--- DATA FOR THIS TASK Enclosed Below ---
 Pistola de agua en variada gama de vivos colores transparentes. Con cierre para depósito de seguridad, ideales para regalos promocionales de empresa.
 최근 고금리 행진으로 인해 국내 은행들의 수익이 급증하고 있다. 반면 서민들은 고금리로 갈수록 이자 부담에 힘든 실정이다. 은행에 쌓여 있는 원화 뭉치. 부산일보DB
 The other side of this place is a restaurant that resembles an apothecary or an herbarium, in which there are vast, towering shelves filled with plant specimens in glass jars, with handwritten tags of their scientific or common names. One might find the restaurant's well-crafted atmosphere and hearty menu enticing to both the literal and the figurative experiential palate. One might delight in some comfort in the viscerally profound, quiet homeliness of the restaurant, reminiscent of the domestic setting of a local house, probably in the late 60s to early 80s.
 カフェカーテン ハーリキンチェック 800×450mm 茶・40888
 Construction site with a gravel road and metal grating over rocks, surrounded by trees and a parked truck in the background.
--- End of Enclosed DATA FOR THIS TASK ---
--- DATA FOR THIS TASK Enclosed Below ---
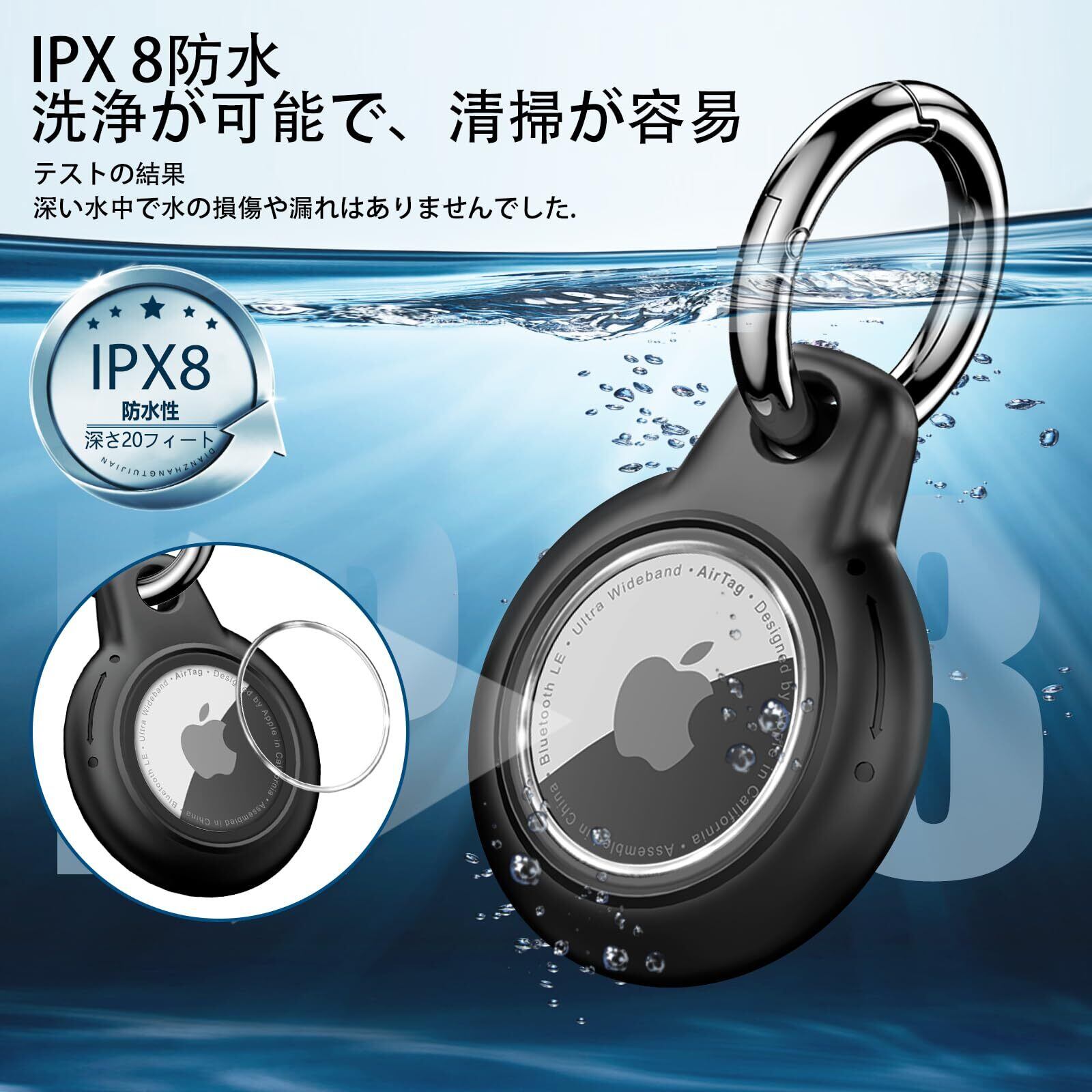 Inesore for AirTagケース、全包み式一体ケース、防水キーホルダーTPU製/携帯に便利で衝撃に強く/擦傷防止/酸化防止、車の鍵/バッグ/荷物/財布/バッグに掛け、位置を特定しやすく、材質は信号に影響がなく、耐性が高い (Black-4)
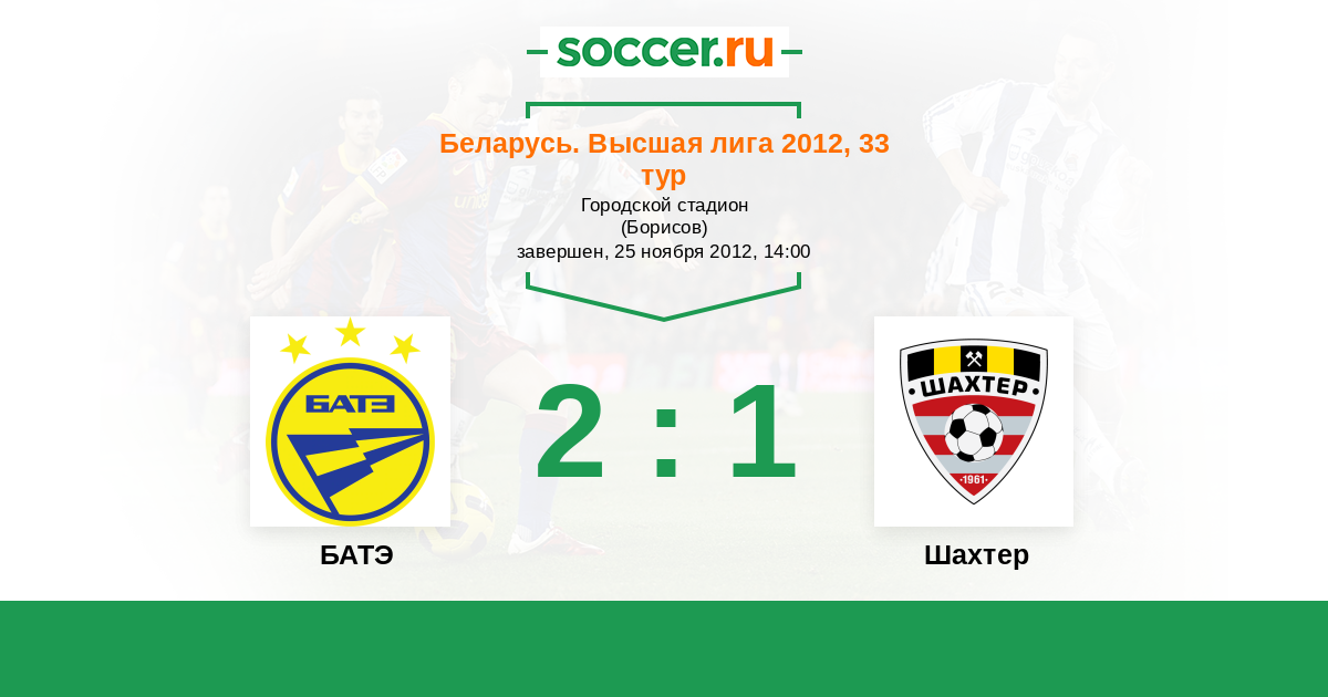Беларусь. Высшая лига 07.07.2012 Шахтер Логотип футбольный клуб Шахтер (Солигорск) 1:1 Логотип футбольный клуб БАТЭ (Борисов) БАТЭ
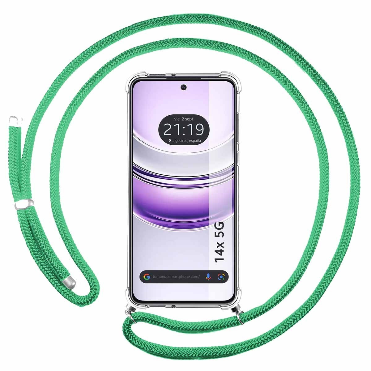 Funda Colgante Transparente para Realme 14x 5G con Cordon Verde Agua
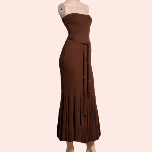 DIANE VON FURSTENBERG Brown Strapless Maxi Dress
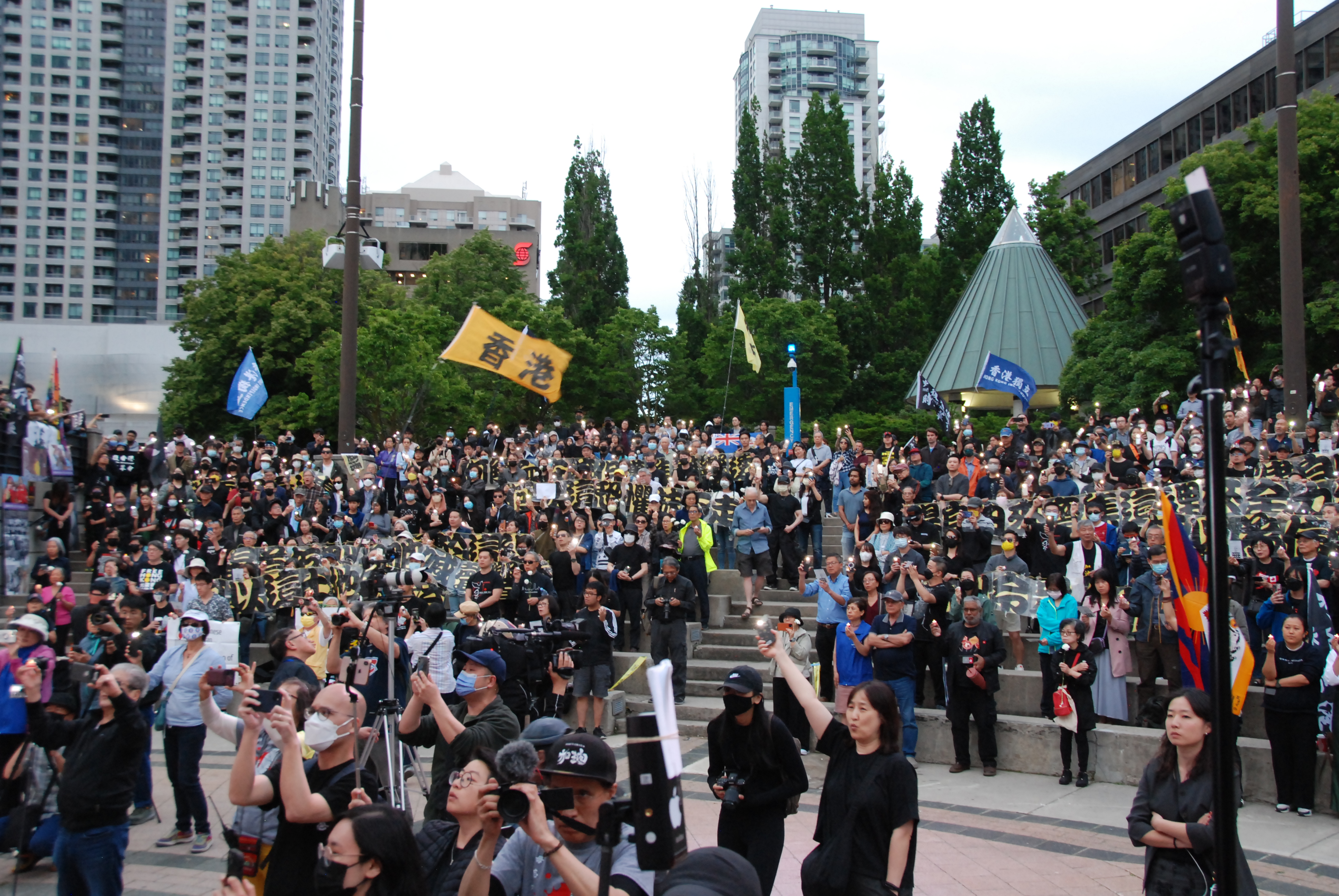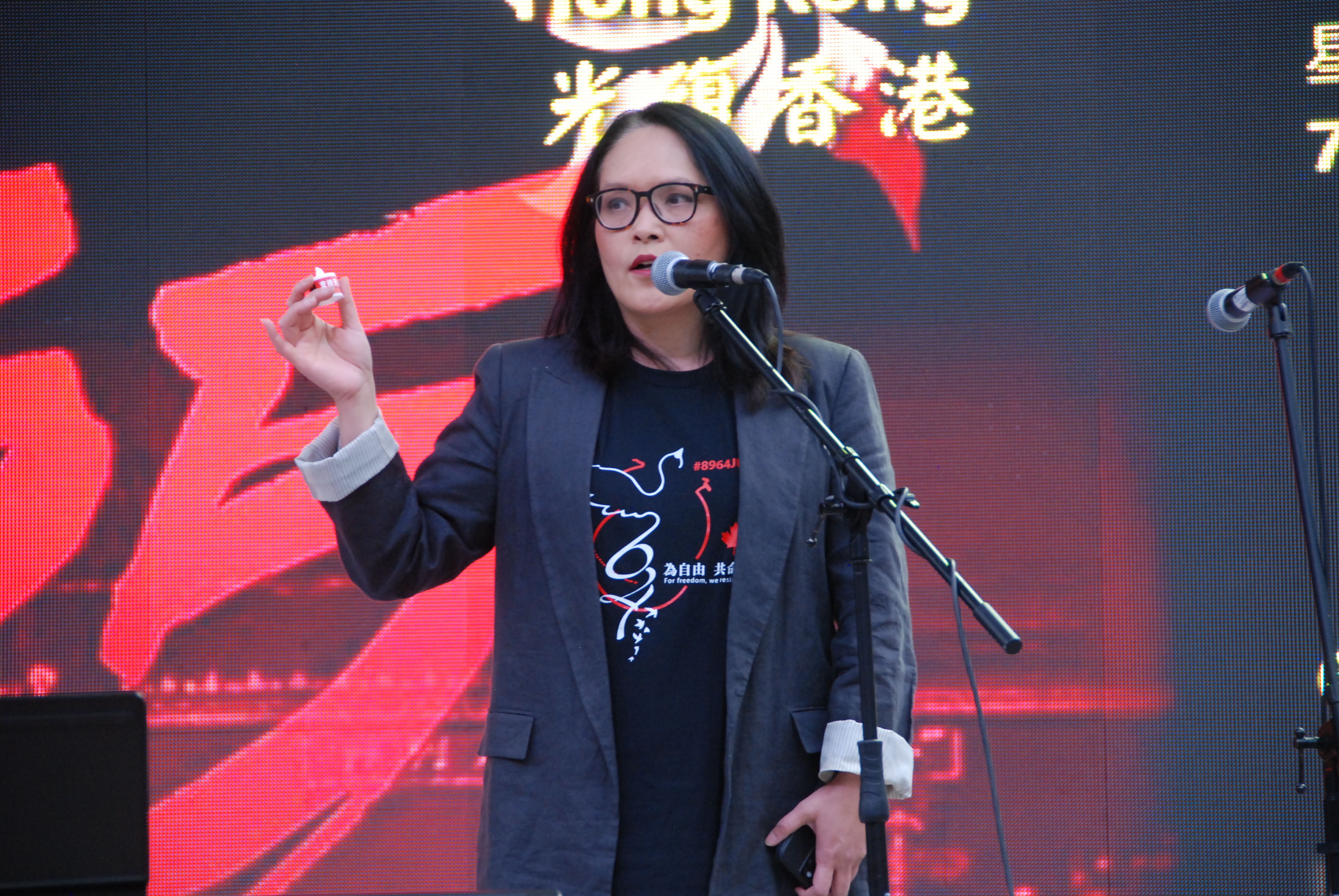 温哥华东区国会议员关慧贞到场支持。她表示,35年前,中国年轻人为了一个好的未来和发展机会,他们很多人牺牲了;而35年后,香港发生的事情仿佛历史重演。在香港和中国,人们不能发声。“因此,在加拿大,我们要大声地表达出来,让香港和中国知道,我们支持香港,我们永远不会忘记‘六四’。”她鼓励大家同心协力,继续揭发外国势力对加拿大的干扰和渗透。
--- End of Enclosed DATA FOR THIS TASK ---
--- DATA FOR THIS TASK Enclosed Below ---
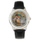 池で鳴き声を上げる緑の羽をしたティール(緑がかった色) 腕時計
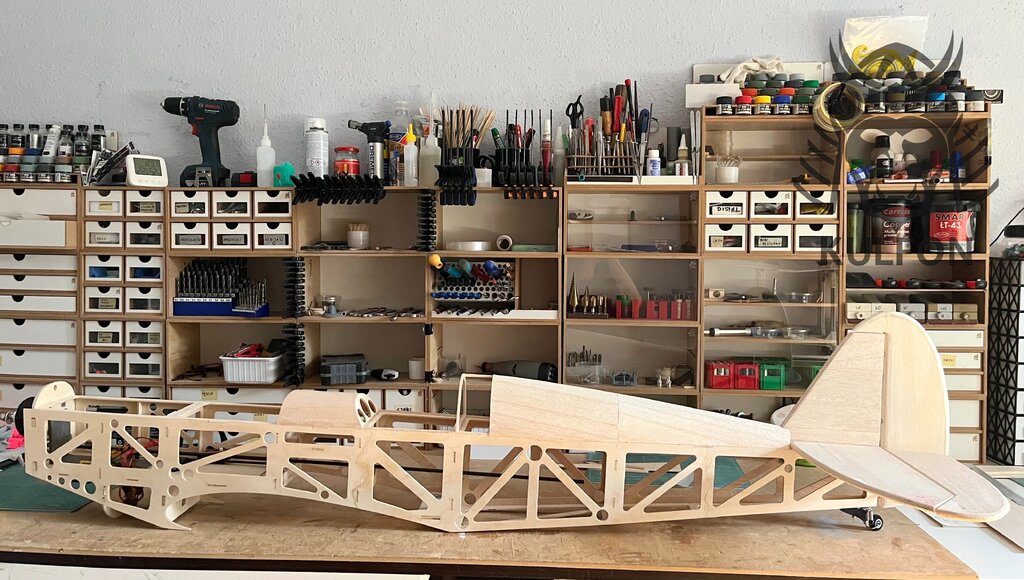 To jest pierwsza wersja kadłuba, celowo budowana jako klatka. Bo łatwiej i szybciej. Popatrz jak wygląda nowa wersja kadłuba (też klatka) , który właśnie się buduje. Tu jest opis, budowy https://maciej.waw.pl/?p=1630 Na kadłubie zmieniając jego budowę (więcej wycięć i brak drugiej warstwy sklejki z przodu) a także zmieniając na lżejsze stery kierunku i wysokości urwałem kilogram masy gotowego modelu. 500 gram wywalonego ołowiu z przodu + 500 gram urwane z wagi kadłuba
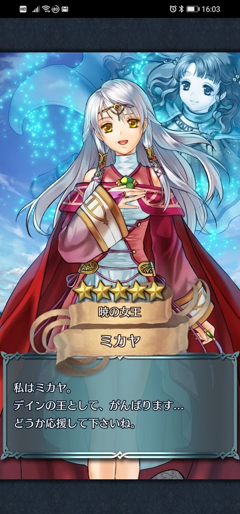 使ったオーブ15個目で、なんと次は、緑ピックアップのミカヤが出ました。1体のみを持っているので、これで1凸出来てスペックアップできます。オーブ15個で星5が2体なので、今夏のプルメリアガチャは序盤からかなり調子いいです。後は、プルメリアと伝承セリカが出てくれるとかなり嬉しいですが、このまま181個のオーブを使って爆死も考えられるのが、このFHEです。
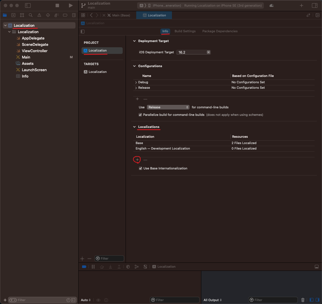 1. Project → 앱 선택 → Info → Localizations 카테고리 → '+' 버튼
--- End of Enclosed DATA FOR THIS TASK ---
Look above for the line holding "使ったオーブ15個目で、なん" and output everything from it down to the line holding "1. Project →", both ends included, exactly and without images.

EXERCISE RESPONSE –
 使ったオーブ15個目で、なんと次は、緑ピックアップのミカヤが出ました。1体のみを持っているので、これで1凸出来てスペックアップできます。オーブ15個で星5が2体なので、今夏のプルメリアガチャは序盤からかなり調子いいです。後は、プルメリアと伝承セリカが出てくれるとかなり嬉しいですが、このまま181個のオーブを使って爆死も考えられるのが、このFHEです。
 1. Project → 앱 선택 → Info → Localizations 카테고리 → '+' 버튼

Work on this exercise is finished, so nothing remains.